Sunday, September 6, 2015

The 2015 refugee crisis and the complicity of far too many academics

What upsets me, as an academic, is that a minority of writers have been predicting things like the current refugee crisis, reflecting desperation in many developing countries since at least 1960, and yet in the 1980s they got sidelined, essentially by people loyal to a "market forces know best" view of the world. I don't know if it is now too late, or not, to change the world in ways that reduce this desperation. But a revolution within Western academic thought is needed, even if it comes too late to be of much help. Through the 1980s, 1990s and 2000s most complacent Western politicians and societies could turn, if they wanted, to mainstream academic literature which claimed that everything was getting better, via market forces. That surely has to change. "Business as usual" will not see steady improvement for most people. Fundamental changes are needed and it's a really difficult route. But more of the same is even worse.

It would be possible to assemble a collection of desperate images, but this one will suffice for now: Its shows a refugee from Guinea hiding under a car bonnet. Note that the caption in The Age likens this to smuggling from East Berlin, but that is a few kilometres. This refugee is reported as from Guinea. He may have hoped to cross thousands of kms hidden that way.

See my forthcoming blog on the "Cornucopian Enchantment" for more references, also my PhD thesis: "Inequality and Sustainability" published in 2002. See especially, Julian Simon, Bjorn Lomborg and D Gale Johnson, as examples of complacency.
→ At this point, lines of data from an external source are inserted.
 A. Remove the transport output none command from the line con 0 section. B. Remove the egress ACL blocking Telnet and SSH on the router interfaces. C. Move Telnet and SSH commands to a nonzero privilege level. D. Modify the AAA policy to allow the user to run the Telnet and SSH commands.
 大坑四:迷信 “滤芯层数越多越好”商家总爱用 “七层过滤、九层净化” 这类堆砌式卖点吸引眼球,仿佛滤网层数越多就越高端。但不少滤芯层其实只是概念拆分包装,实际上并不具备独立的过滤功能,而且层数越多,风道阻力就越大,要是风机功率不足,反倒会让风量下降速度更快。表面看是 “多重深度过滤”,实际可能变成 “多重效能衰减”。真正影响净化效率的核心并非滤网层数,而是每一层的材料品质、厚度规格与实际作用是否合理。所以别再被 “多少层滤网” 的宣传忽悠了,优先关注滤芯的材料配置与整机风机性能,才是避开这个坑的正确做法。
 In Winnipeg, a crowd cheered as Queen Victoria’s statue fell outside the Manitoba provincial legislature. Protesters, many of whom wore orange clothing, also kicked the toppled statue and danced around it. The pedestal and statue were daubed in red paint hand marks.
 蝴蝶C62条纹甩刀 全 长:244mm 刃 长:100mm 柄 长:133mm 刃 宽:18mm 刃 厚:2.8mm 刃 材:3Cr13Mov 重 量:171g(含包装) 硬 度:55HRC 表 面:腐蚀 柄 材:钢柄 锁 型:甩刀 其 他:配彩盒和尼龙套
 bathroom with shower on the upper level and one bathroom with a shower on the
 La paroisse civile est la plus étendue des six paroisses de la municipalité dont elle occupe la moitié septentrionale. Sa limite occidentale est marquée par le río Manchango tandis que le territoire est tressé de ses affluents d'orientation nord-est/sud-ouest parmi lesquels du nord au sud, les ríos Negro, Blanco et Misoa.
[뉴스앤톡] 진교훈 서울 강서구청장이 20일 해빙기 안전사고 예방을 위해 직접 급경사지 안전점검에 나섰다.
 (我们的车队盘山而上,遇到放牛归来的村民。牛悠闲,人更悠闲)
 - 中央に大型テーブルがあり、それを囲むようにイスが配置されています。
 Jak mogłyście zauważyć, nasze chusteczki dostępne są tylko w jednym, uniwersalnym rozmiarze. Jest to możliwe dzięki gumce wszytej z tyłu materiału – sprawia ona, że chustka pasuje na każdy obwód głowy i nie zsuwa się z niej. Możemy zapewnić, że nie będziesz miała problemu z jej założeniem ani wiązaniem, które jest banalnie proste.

See Paul Ehrlich, Maurice King and Tony McMichael as counter-examples; far more rational and realistic views shared too by Frank Fenner, though Frank published little on this. See also the Rockefeller Foundation/Lancet commission on Planetary Health.

This refugee crisis could herald civilisation's collapse, but it could presage an awakening to the reality of limits to growth and the associated reality of human carrying capacity. We must not lose hope.